By analyzing existing cross correlation between Bonus Biogroup and Galileo Tech, you can compare the effects of market volatilities on Bonus Biogroup and Galileo Tech and check how they will diversify away market risk if combined in the same portfolio for a given time horizon. You can also utilize pair trading strategies of matching a long position in Bonus Biogroup with a short position of Galileo Tech. Check out your portfolio center. Please also check ongoing floating volatility patterns of Bonus Biogroup and Galileo Tech.

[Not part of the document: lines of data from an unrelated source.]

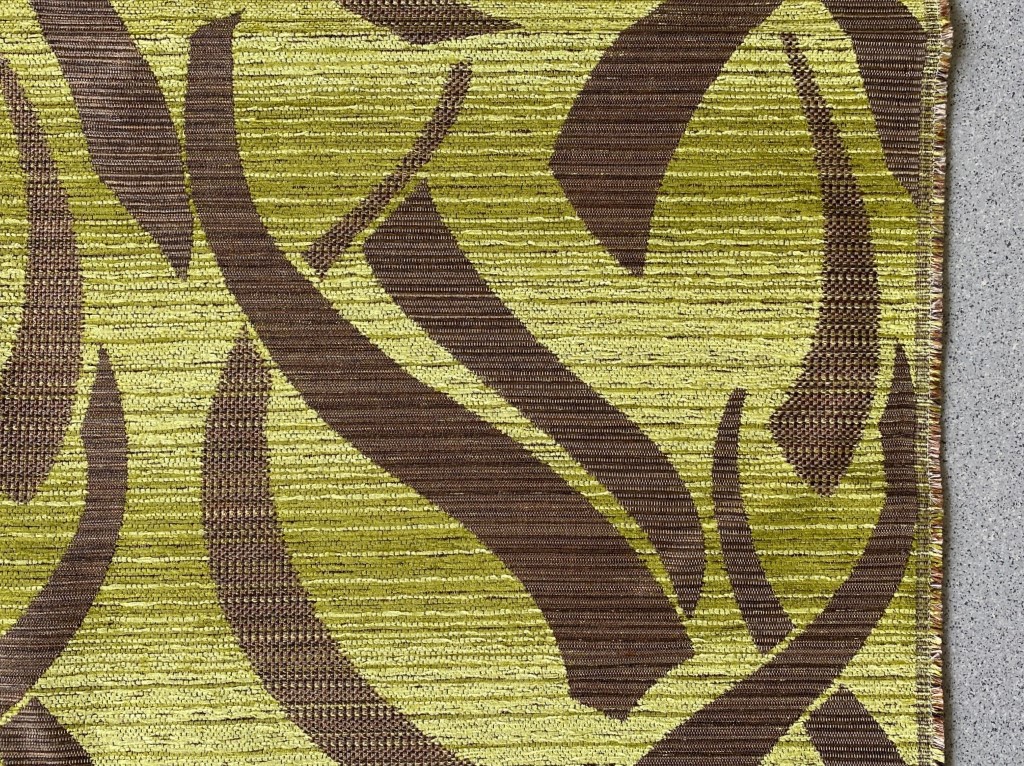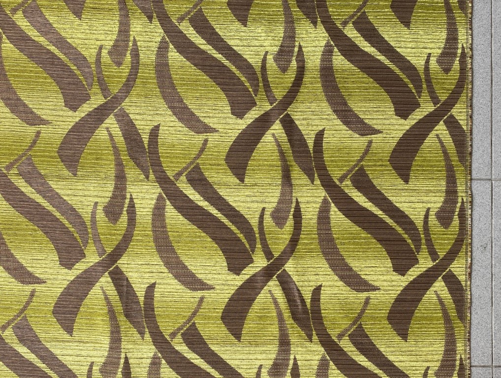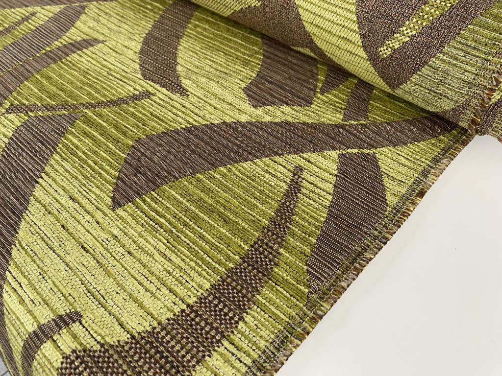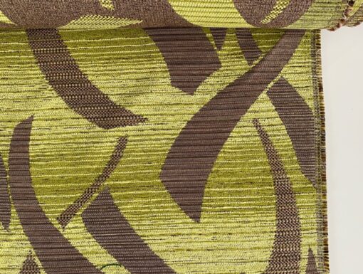 Meubelstof limoen groen bruin in figuratief patroon (en in reliëf)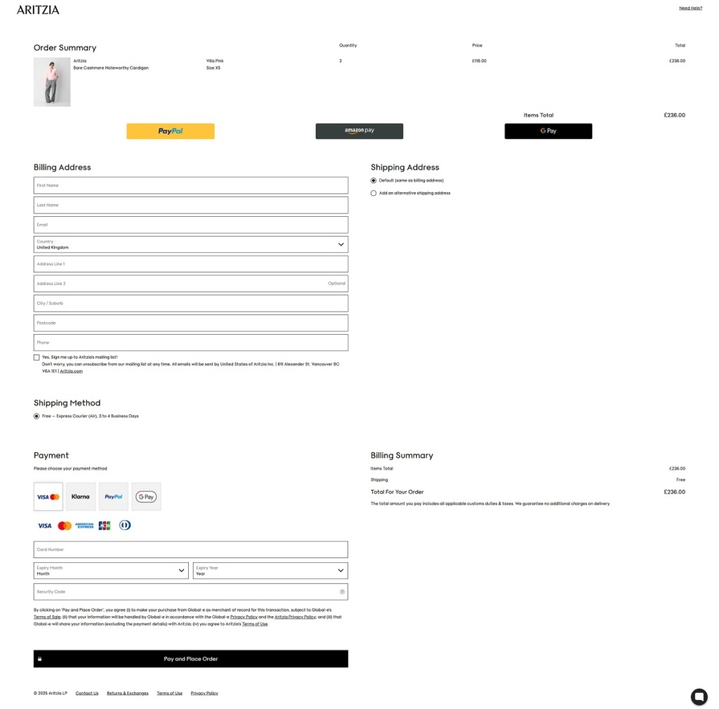 Aritzia Checkout Page Example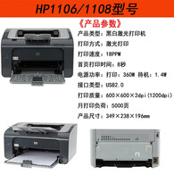HP惠普P1108/1106黑白激光打印机小型办公商用学生家用财务凭证A4 1106(空机不带硒鼓)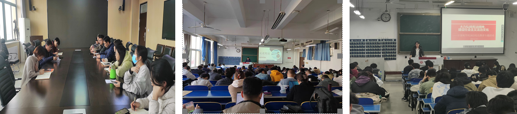 学院高度重视“宪法宣传周”宣传教育工作,在学院党支部书记参加的学院党委扩大会议上,开展“宪法日”专题座谈,同时部署宪法教育工作。全院大会学院党委书记吕继东领学习近平总书记关于宪法的重要论述,对全体师生发出倡议,弘扬宪法精神,树立宪法权威,使全体师生都成为社会主义法治的忠实崇尚者、自觉遵守者、坚定捍卫者。学工办会议专门布置宪法教育工作,召开学院各班级班长团支书工作会,进行学生干部重点群体教育,同时强调工作要点,保证“宪法宣传周”教育活动的参与率和学习效果。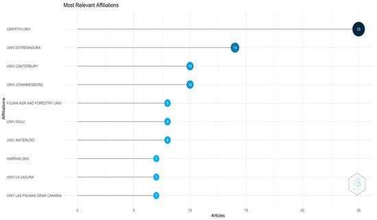 Figure 7 explains the distribution of scientific documents by institutions or affiliations. The result shows that 10 universities published the most in the field of study. The first-placed is an Australian university, which has the leading institution in publishing scientific documents on marketing, management, and sustainable tourism, namely Griffith University, with 25 document articles. The University of Extremadura from Spain is the second most represented affiliation in publishing scientific documents, with 14 articles. In addition, there are universities such as the University of Canterbury in New Zealand and South Johannesburg University in South Africa, which are institutions that published 10 articles. Fujian and Forestry University in China, University Oulu in Finland, and Canada University Waterloo in Canada had 8 publications. The last institutions that published articles in sustainable tourism related to management and marketing are Harran University in Turkey, University La Laguna in Spain, and University Las Palmas Gran Canaria in Spain, with seven publications.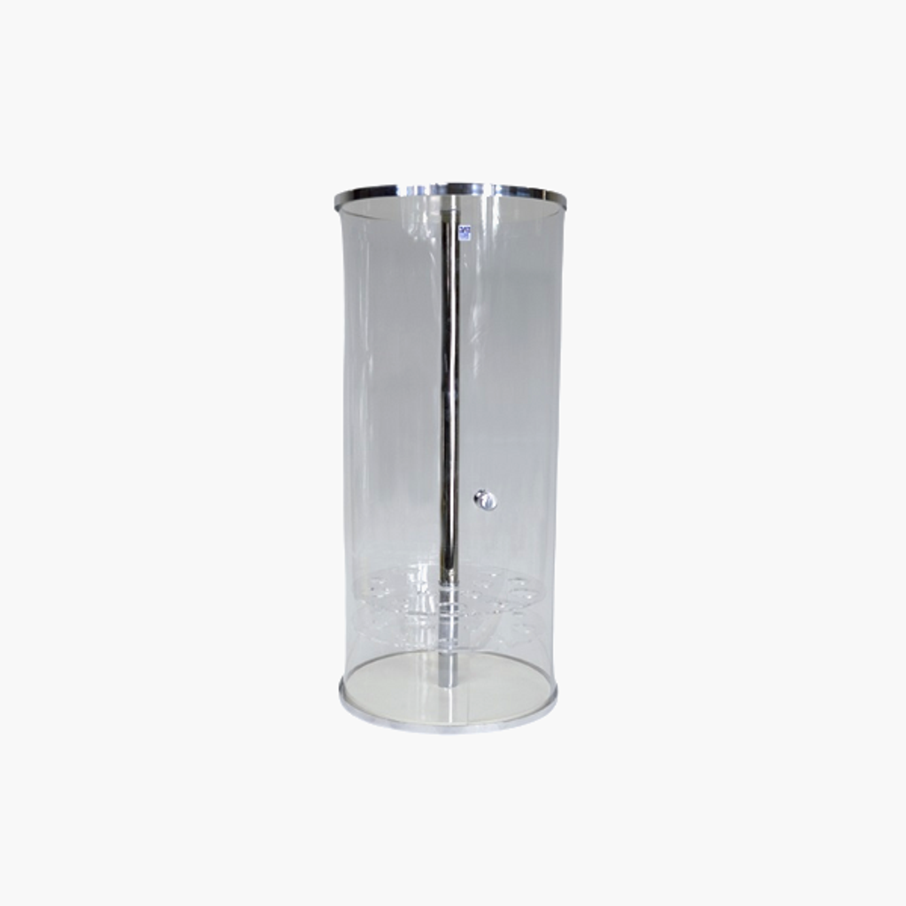 En hygiensk cylinderformad behållare för att hålla glasstrutar på ett både snyggt och hållbart sätt.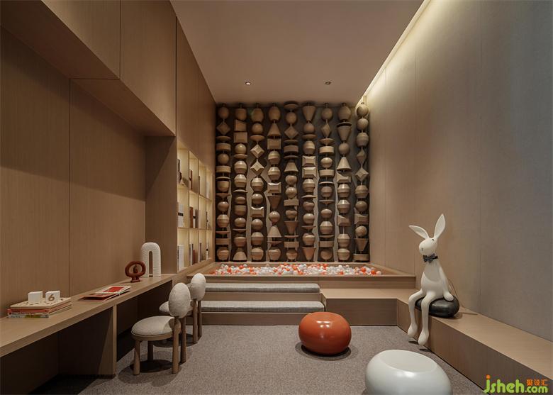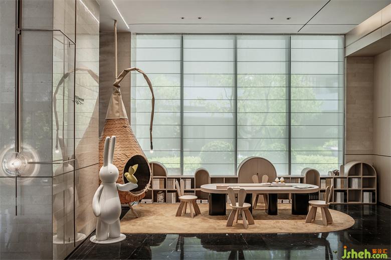 在后场空间中,公区设计以水吧台为中心的回形动线,连接起深度洽谈区、私宴、茶室和儿童游戏区,包裹的空间,产生了更为贴近的人际关系。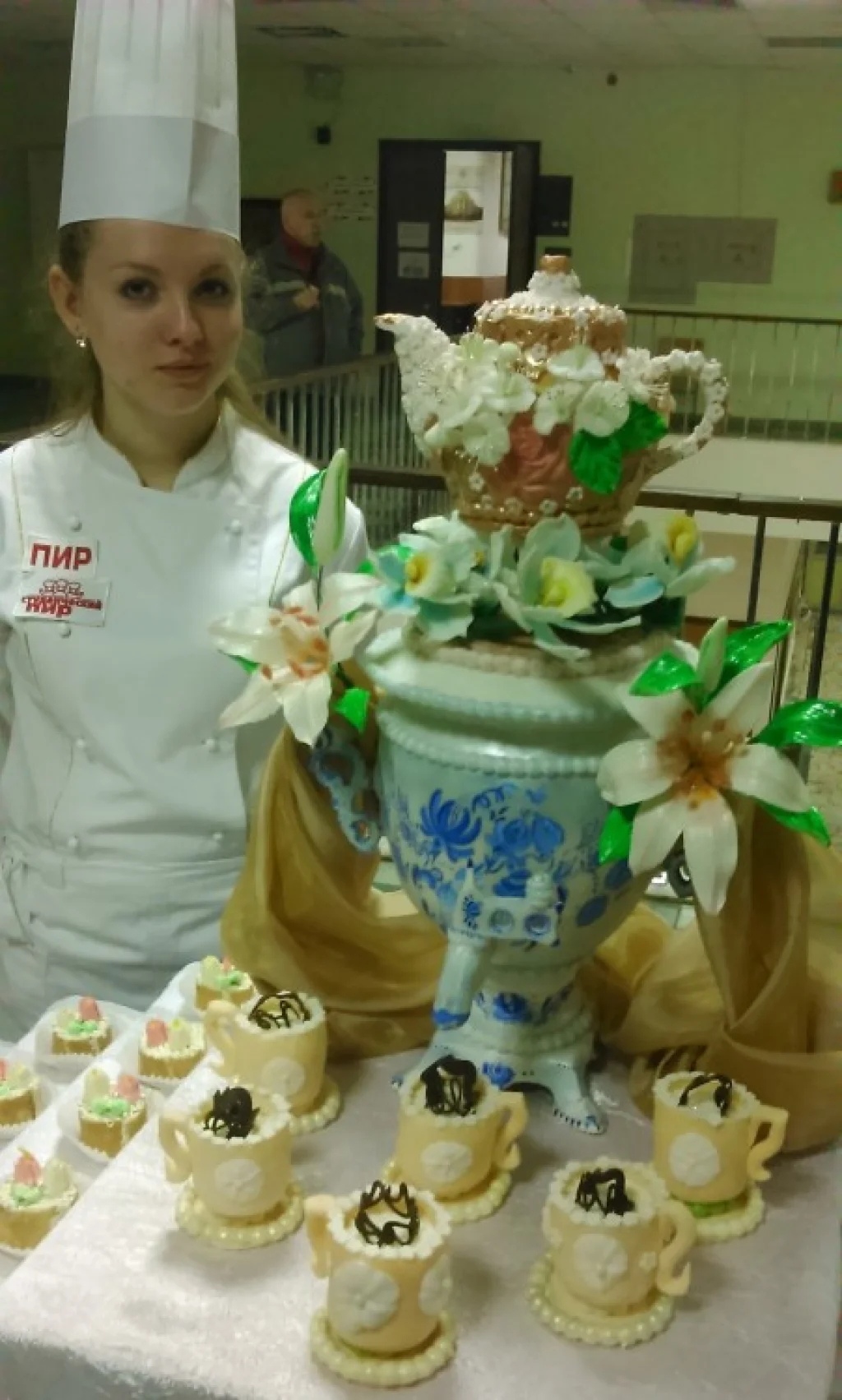Тулячка победила в конкурсе, изготовив большой самовар из сахарной мастики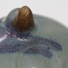 A Chinese Jun-type stoneware tripod censer, Song dynasty or later, of squat globular form with short neck, flanked by upright and scroll handles, covered in an attractive pale blue glaze with purple splashes, height 11.4cm.

Diversification Opportunities for Bonus Biogroup and Galileo Tech

-0.44
  Correlation Coefficient

Very good diversification

The 3 months correlation between Bonus and Galileo is -0.44. Overlapping area represents the amount of risk that can be diversified away by holding Bonus Biogroup and Galileo Tech in the same portfolio, assuming nothing else is changed. The correlation between historical prices or returns on Galileo Tech and Bonus Biogroup is a relative statistical measure of the degree to which these equity instruments tend to move together. The correlation coefficient measures the extent to which returns on Bonus Biogroup are associated (or correlated) with Galileo Tech. Values of the correlation coefficient range from -1 to +1, where. The correlation of zero (0) is possible when the price movement of Galileo Tech has no effect on the direction of Bonus Biogroup i.e., Bonus Biogroup and Galileo Tech go up and down completely randomly.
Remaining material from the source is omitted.